A Guide to Configure and Set up Amundsen on GCP (Google Cloud Platform)

Share this article
Coping up with various data sources and structures is often grueling for data engineering teams, finding what’s in the data warehouse or a data lake, and even more so for business and analytics teams. Metadata catalogs and data discovery engines help sort out the problems mentioned above. Amundsen is one such open-source metadata catalog. It helps you get more out of your data.
Is Open Source really free? Estimate the cost of deploying an open-source data catalog 👉 Download Free Calculator
This step-by-step guide will take you through setting up Amundsen on GCP (Google Cloud) using Docker. You’ll be using Amundsen with its default database backend of neo4j. Alternatively, you can also use Apache Atlas to provide the backend.

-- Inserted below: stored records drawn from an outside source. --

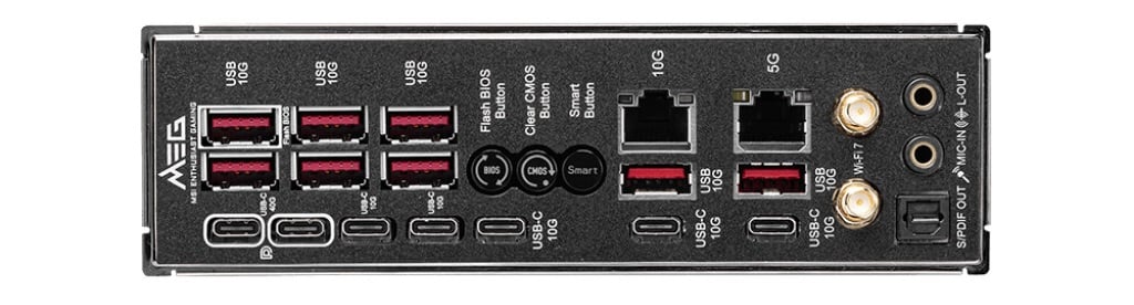 A bővítőkártyákat két PCI Express x16-os, illetve egy PCI Express x4-es slot várja, míg M.2-es bővítőhelyekből összesen 7 darab jár. Utóbbiak közül ötöt alaplapi bővítőhelyek formájában érhetünk el, míg a fennmaradó kettőt az M.2 XPANDER-Z Slider Gen5 bővítőkártya fedélzetén találunk, amelyekhez a hátoldal felől, a gépház kinyitása nélkül is hozzáférhetünk. A kínálat részét képezi még egy Realtek ALC4082-es kodek is, amihez ESS9212Q típusú Combo DAC/HPA jár, míg a vezetékes kommunikációt egy 10 GbE és egy 5GbE port biztosítja – előbbi egy Marvell, utóbbi egy Realtek vezérlőt használ. Kapunk még Wi-Fi 7 és Bluetooth 5.4 támogatást is, plusz a 3,99 hüvelykes képátlójú Dynamic Dashboard III kijelző sem hiányzik a fedélzetről, ami sok hasznos információ megjelenítésére képes. Az új alaplapon találunk két darab 40 Gbps-os USB4-es, valamint 13 darab 10 Gbps-os USB 3.2-es portot is – utóbbiak közül 8 Type-A, 5 pedig Type-C kivitelben érkezik.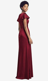 【NEW】【STYLE: 8197】フラッター 袖 ドレープ ラップ ストレッチ マキシ ドレス【COLOR: Burgundy】【SIZE: 00-30W】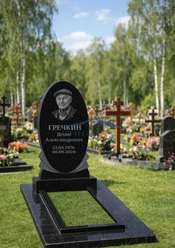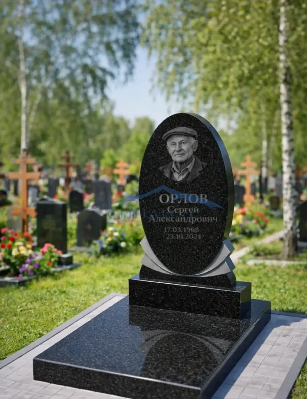 Гранитный памятник «Благоденствие» выполнен из высококачественного прочного черного гранита, обеспечивающего исключительную стойкость к атмосферным воздействиям и долговечность на долгие годы. Элегантная овальная форма стелы, подчеркнутая плавными геометрическими линиями основания, символизирует гармонию, спокойствие и светлую память о близком человеке. Сдержанный, но выразительный дизайн сочетает в себе благородство материала и эстетическую простоту, что делает памятник универсальным для любых захоронений. Отшлифованная поверхность служит превосходной основой для нанесения портрета, имён, дат и памятных надписей, подчёркивая торжественность образа и уважение к усопшему. Возможна индивидуальная гравировка с именами, датами, эпитафиями и символами, что делает изделие уникальным отражением любви, памяти и благодарности родному человеку.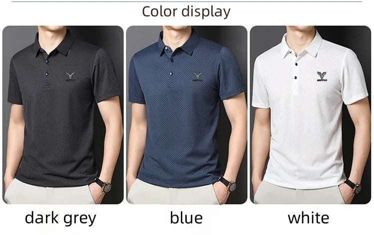 Mens Flexiable Silk Ice Mesh Polo White T-shirt.
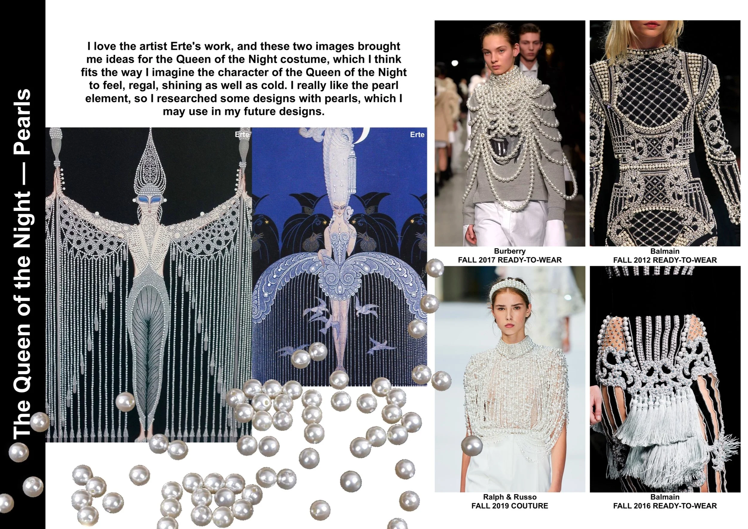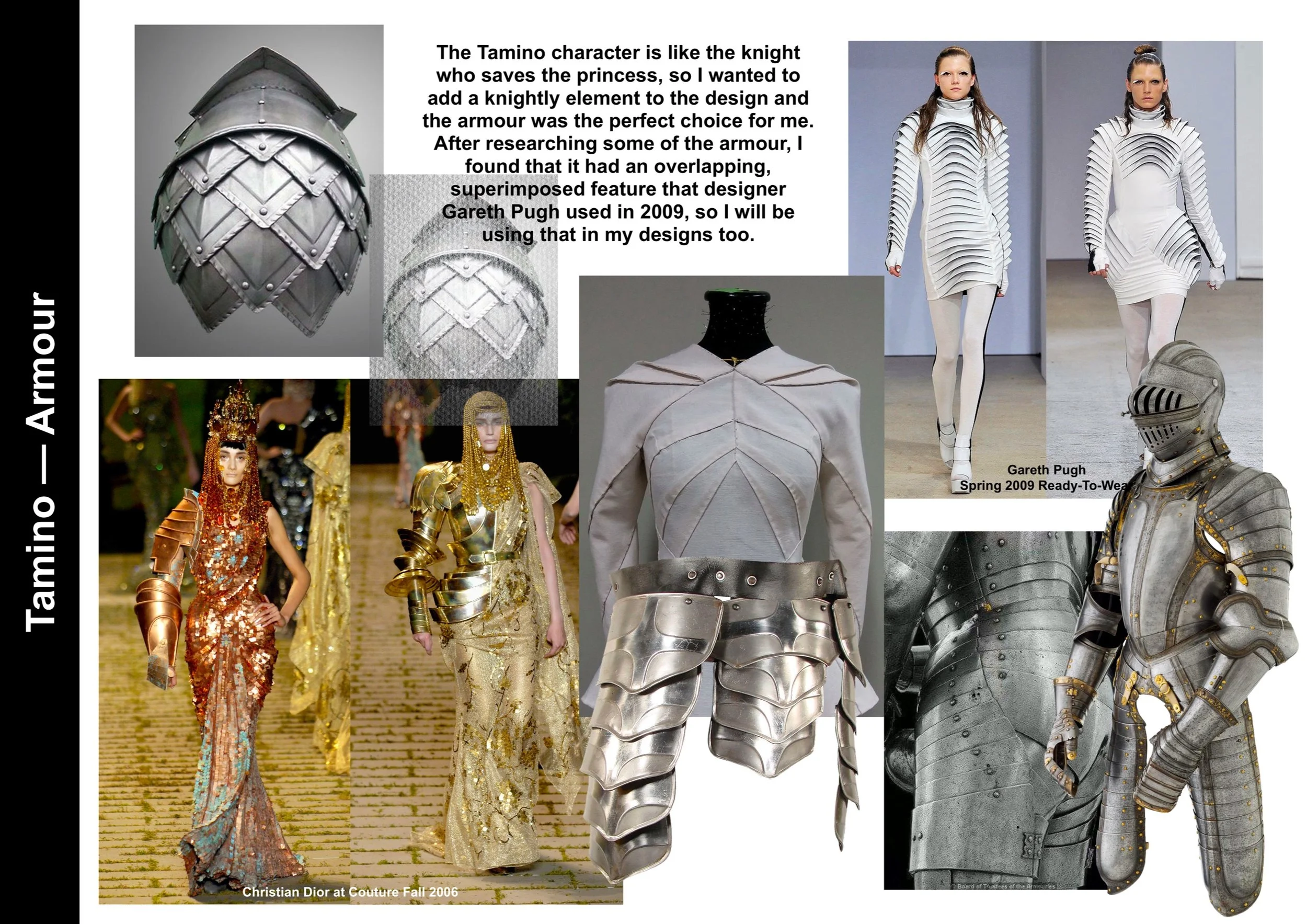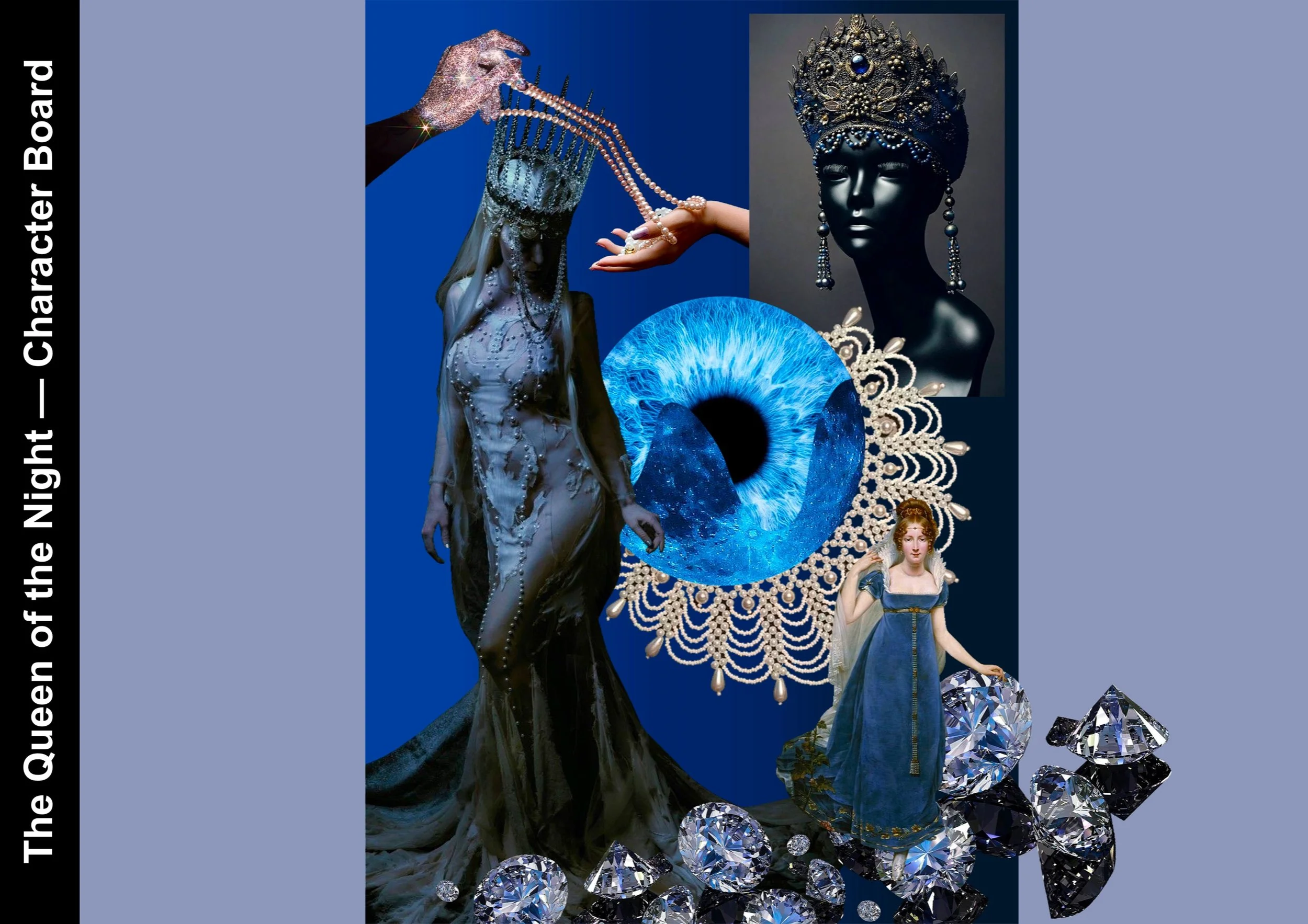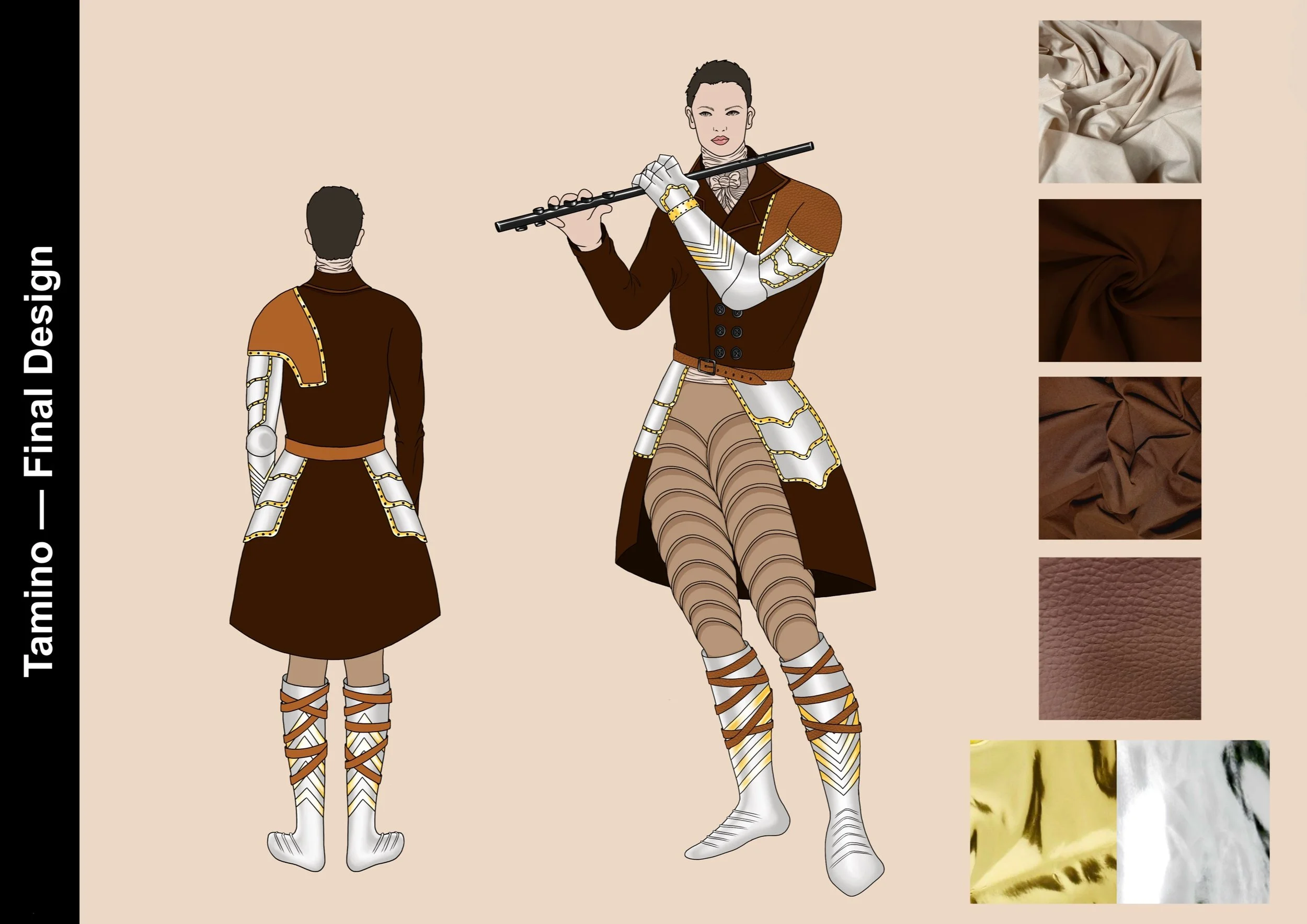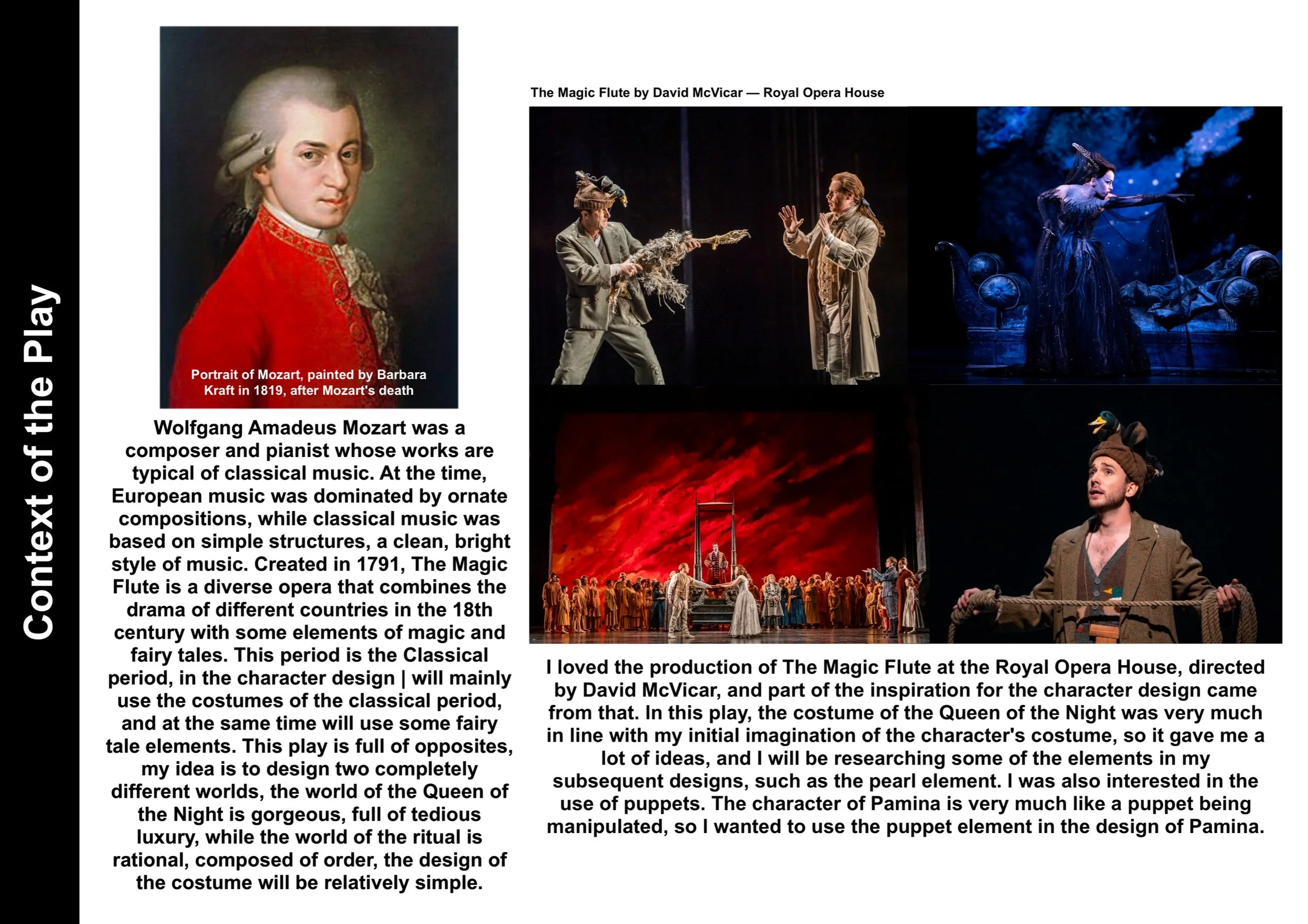 I designed the 5 characters in The Magic Flute. The Queen of the Night was inspired by diamonds illuminated by light in the darkness; Sarastro was inspired by Architectural Geometry; Tamino was Armour; and Papagene and Papagena were inspired by birds. Aseries of designs have been developed in conjunction with the Neoclassicism of fashion, and the production of The Queen of the Night's Costume.

Eight steps to setup Amundsen on GCP #
- Create a Google Cloud VM
- Configure networking to enable public access to Amundsen
- Log in to the Cloud VM with Cloud Shell and install Git
- Install Docker and Docker Compose on your GCP VM
- Clone the Amundsen GitHub repository
- Deploy Amundsen using Docker Compose on GCP
- Load sample data using Databuilder
Step 1: Create a Google Cloud VM #
Start by logging into your Google Cloud account. You’ll be installing Amundsen on a fresh instance, so go ahead and spin up a new VM instance, as shown in the image below:
Launch a new GCP Cloud VM instance
Once you finish configuring your instance, you’ll be able to get the instance details by clicking on the named link from the list of instances, as shown in the image:
View GCP Cloud VM instance details
Going to the instance using the link will take you to the following page, with details like Instance Id
, Zone
, Machine type
and so on.
View information about the GCP Cloud VM instance
Step 2: Configure networking to enable public access to Amundsen #
Set inbound & outbound traffic rules #
As this project concentrates on getting you started with Amundsen, you can allow all ingress and egress traffic from the VPC associated with your VM. Allowing all traffic is usually not recommended for production. To enable all traffic, go to the VPC and use the Firewall option on the left panel to see the list of firewall rules. There might be a few rules already present. Remove all those rules and add the two rules shown in the image below to the firewall:
Set inbound & outbound traffic rules
Verify networking details #
Use the kebab (three vertical dots) menu for your instance to navigate to the View network details
option, as shown in the image below:
Verify networking details
Analyze the network using connectivity tests #
As you’ve allowed all traffic on ports, reaching the VM from the internet will not be a problem. However, if you decide to limit incoming and outgoing traffic, you can navigate to the VPC network and create a connectivity test in the Network analysis
section shown below:
Create a connectivity test in the Network analysis
The source is a random public IP from the internet in the above example. You’ve tested whether requests from that IP can reach your VM on port 5000. You can view the result summary under the Last configuration analysis result
column. You can also view details of the connectivity test by clicking on the VIEW
link, as shown in the image below:
View connectivity test results
Step 3: Log in to Google Cloud VM and install Git #
Connect to the Google Cloud VM #
There are several ways in which you can interact with your VM. The simplest way is to use the cloud shell, as it doesn’t require setting any passwords or worrying about SSH keys. You can connect using SSH in your browser by pressing the SSH
link or using one of the options in the dropdown shown in the image below:
Connect to the GCP Cloud VM
Google Cloud creates and transfers temporary SSH keys to your VM, enabling your to access your VM:
Transfer SSH keys to VM
Once Google Cloud transfers your SSH keys to the VM, you will land at the following screen inside your VM:
Accessing your GCP cloud VM using CLI
Install Git #
As this is a completely fresh installation, it won’t have many standard tools that you might use. You will first need to install Git on your machine. Make sure that your Debian apt
package manager is up to date using the following commands:
$ sudo apt update
$ sudo apt install git
Verify if Git has been installed correctly by checking the installed version of Git.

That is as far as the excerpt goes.